•   Managua, Nicaragua  |
  •  |
  •  |
  • Edición Impresa

“Durante mi viaje desde Panamá a República Dominicana mi papá falleció. Me sentí mal pero sé que él no quería que agachara la cabeza, eso hice, seguí adelante”, así comienza el relato de Rodney Theophile Cuthbert al ser preguntado sobre el momento más difícil de su carrera fuera del beisbol. La noticia fatal ocurrió el 16 de septiembre del 2016, el muchacho de 18 años, originario de Laguna de Perlas, y que ayer firmó por 20 mil dólares con los Nacionales de Washington, al aterrizar en Dominicana supo lo que había sucedido con su progenitor. 

Rodney Theophile Cuthbert con Miguel Ruiz, scout de los Nacionales.Dos paros cardíacos, el segundo fulminante, le quitaron la vida al padre del ahora lanzador de la organización de los Nacionales. En aquella noche fría, fue Alex Mongrío, scout de la Academia MVP Rivera en aquel momento, quien le dio la mala noticia al jugador. “Le dije que recordara los mejores momentos con su padre, que no pensara en la muerte”, recuerda Janina Cuthbert, madre del muchacho. “Mi madre es mi todo, cuando me sentía mal, ella me hablaba, estaba conmigo”, cuenta Rodney. 

La vida de Rodney ha tenido varios golpes emocionales. El primero ocurrió siendo un infante, al ver como sus padres finiquitaban su relación. “Al principio padre e hijo eran muy juntos, pero me separé de él cuando Rodney tenía 8 años y allí la relación de ellos se distanció un poco. Cuando Rodney volvió a Nicaragua volvieron a juntarse algunos días. Su papá deseaba que llegara a Grandes Ligas, lamentablemente murió a los 39 años”, asegura doña Janina. 

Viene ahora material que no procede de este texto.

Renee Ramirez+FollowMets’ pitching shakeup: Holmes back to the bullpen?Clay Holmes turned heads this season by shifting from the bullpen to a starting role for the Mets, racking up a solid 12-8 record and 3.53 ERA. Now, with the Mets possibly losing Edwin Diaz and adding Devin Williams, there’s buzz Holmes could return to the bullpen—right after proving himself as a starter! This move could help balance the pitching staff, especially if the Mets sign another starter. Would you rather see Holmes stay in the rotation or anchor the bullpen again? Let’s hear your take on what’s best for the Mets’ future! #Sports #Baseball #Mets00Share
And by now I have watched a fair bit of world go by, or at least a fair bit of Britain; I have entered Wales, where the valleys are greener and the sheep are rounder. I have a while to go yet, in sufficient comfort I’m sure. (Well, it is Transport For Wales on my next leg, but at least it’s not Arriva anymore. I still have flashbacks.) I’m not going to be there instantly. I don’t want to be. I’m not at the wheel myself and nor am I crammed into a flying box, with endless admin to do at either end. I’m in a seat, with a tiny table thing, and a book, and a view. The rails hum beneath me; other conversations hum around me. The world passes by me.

Quince meses después del trágico suceso que marcó para siempre la vida de Rodney, el pelotero firmó ayer con los Nacionales, iniciando oficialmente su camino para alcanzar el sueño de todo jugador: llegar a Grandes Ligas. “Me siento contento porque voy a poder ayudar a mi familia. Este es el primer paso, debo trabajar, tratar de avanzar, espero llegar a Grandes Ligas. No ha sido fácil estar aquí, pero así es la vida”, dijo Cuthbert en la presentación oficial de su contrato con el equipo.

Sus inicios

La carrera de Rodney comenzó a los 12 años en Laguna de Perlas. Fue su padre, quien lo llevó a un pequeño estadio de ese lugar para que se familiarizara con el beisbol. Allí se encontró con un entrenador llamado Denis Martínez, curiosamente lanzador, igual que el hombre ejecutor de un Juego Perfecto y máximo ganador latino de todos los tiempos en las Grandes Ligas. 

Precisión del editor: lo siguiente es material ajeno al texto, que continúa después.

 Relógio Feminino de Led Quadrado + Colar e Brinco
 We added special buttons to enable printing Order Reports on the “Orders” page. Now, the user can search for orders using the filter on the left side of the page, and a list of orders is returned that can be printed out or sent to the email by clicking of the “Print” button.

“Mi primer entrenador fue Denis Martínez. Inicialmente era un primera base, pero me cambiaron a lanzador por mi físico, me dijeron que podía ser buen pítcher Posteriormente llegó el scout Alex Mongrio, él me vio y me trajo a la Academia MVP Rivera de 13 años”, relata. Con 15 años, al joven decidieron enviarlo a República Dominicana, donde se pulió y mejoró su velocidad y mecánica de lanzar durante tres años. 

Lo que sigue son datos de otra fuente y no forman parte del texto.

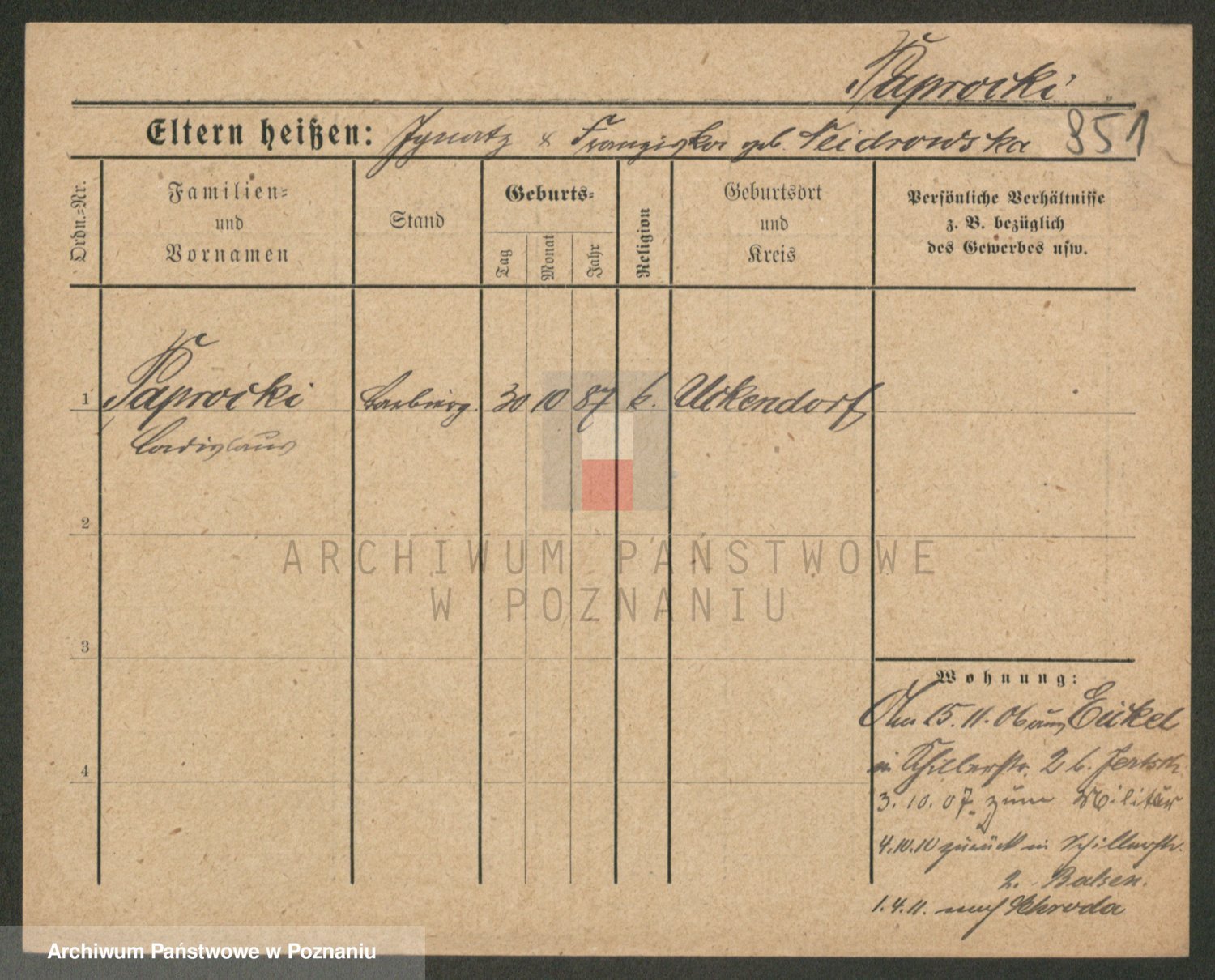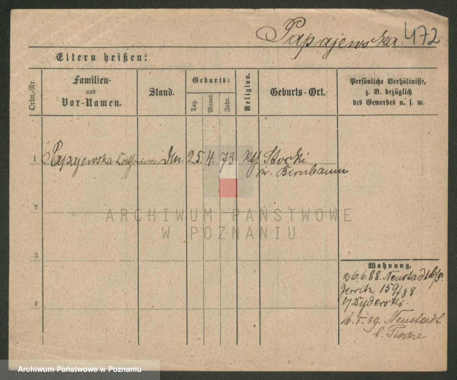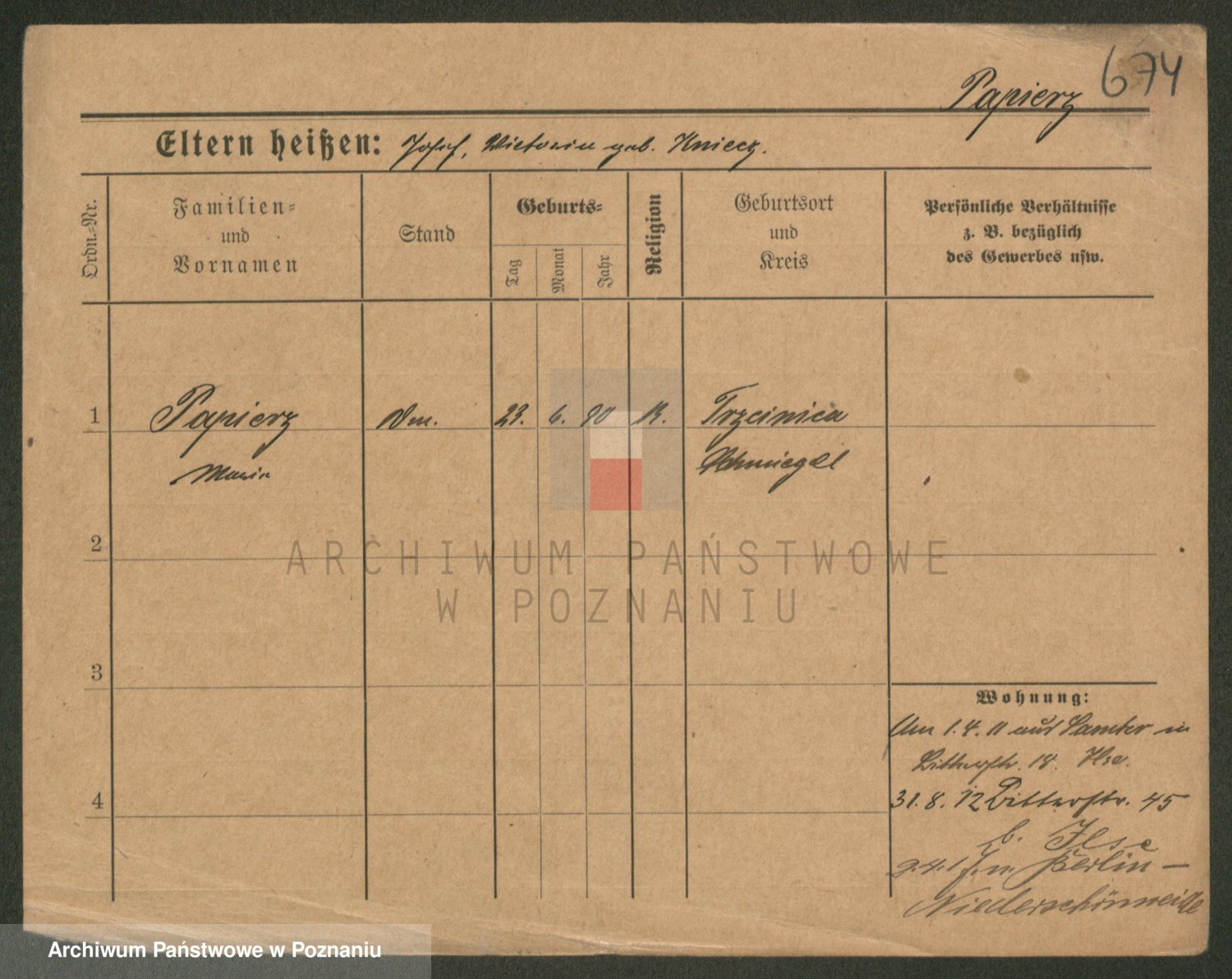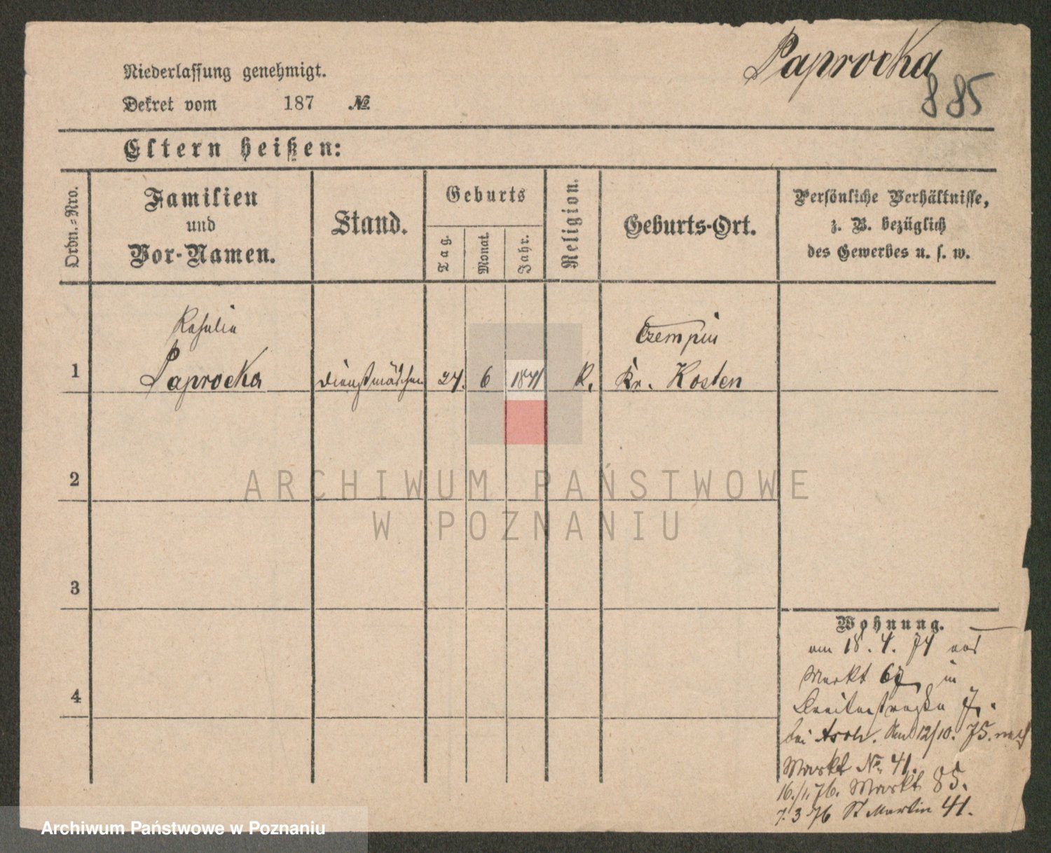 Paprocka von, Bronislawa

Su madre, quien es licenciada en sicopedagogía y trabaja como maestra, dice que al principio no le gustaba que su hijo jugara beisbol. “Yo quería que Rodney jugara baloncesto porque yo practiqué ese deporte, más jovencita fue parte de una selección nacional en los Juegos de Codicader. Le decía a mi hijo que el beisbol no, pero él nunca quiso dejar su deporte. Entonces tuve que respetar su decisión”. 

Gran repertorio

Las credenciales de Cuthbert para iniciar su vuelo a Las Mayores son: 6.5 pies de altura, una recta que puede alcanzar una velocidad de hasta 94 millas por horas, pero sostenidamente entre las 90-92. A eso súmenle una curva obediente quiebra cintura y el deseo de salir adelante y no ser uno más en la lista de firmados sin éxito. 

Su jugador favorito es el lanzador Mark Scherzer de los Nacionales, ganador del premio Cy Young en el 2013 y 2016. Rodney es primo de Cheslor Cuthbert, pero no ha tenido la oportunidad de conocerlo. Su mamá es prima del papá de Cheslor, de allí se origina el parentesco familiar.